Viper was now looking from Beatrice to me and back again with a sort of horrid fascination.

 

‘He doesn’t like MetOrg,’ squeaked Di eventually.

 

‘What’s wrong with MetOrg? It’s very popular.’

 

‘Count to ten,’ I said to myself, ‘or some self appointed bullying czar will turn up on television claiming Pannostrum has a bullying culture and “is in denial”.’

 

I put on my most ingratiating smile. Viper looked as if he was going to be sick. ‘What was the best-selling hit of 1969, I said?’ Viper relaxed. Guernsey. Some of us have difficulty remembering our previous incarnation. I was born in 1972.’

 

‘Ill give you a clue’, I said, ‘The group had a highly apposite name. They were called The Archies.’

 

‘Oh,’ said Di, ‘I remember that. It was jolly good. Sugar, Sugar.’

 

‘Yes, Indeed’ I said, ‘Sugar Sugar. However, I don’t know about good. It was a catchy number and certainly popular. However, although it outsold it by far, it hardly ranks with an earlier number one that year. I refer, of course, to that classic of Credence Clearwater Revival’s, Bad Moon Rising which has frequently formed an attractive feature,’ I added modestly, ‘of karaoke night at annual conference. In other words, popular is not the same as good.’

 

Beatrice looked nettled. ‘Well that still doesn’t explain why I am getting different results to Percy Vere.
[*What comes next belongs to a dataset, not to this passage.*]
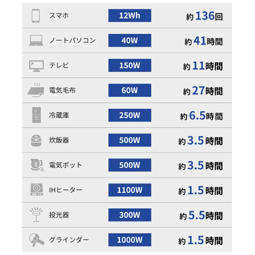 | 【高耐久性、長寿命】 無負荷充電も可能で長寿命(リン酸鉄バッテリー、4000回充電でも80%の容量維持) |

I have looked at my MetOrg analysis and it seems very similar to the company report.

 

‘Yes. It’s all very disappointing,’ I said.

 

‘What?’ Said Viper.

 

‘Well two things are very disappointing. The first is that JAM should publish a method that is so silly. I have not seen anything quite as barmy since the Agency’s obsession with type III sums of squares back in the 1980s. It can have very paradoxical features,’ I continued, warming to my task. ‘Suppose you had a situation where a number of very large trials had been run and you had performed a meta-analysis with a tight confidence interval. Now some tin-pot investigator-sponsored trial is run with hardly any patients, you have to add it to the mix and the expected width of the confidence interval; will actually rise. It must be one of the few cases in scientific investigation where more information is worse than less. So yes, you are right, if you analyse the trials properly there is no significant excess risk.’

 

‘So the analysis was disappointing, that’s one thing, said Viper, ‘but you mentioned two. What’s the other?’

 

‘The correct result’, I said, ‘It’s not significant.’

 

‘But that’s good. What could be wrong with that?’

 

‘Well consider this. Diabetes is a risk factor for cardiovascular mortality and Sucron is an effective treatment for diabetes so don’t you think that something is rather disappointing?’

 

‘What?’ said Viper and Muddle together.

 

‘Well, call me old-fashioned but shouldn’t it actually save lives?’

 

 

 

 

 

DISCLAIMER This is a work of fiction. Any resemblance to event or persons is pure coincidence.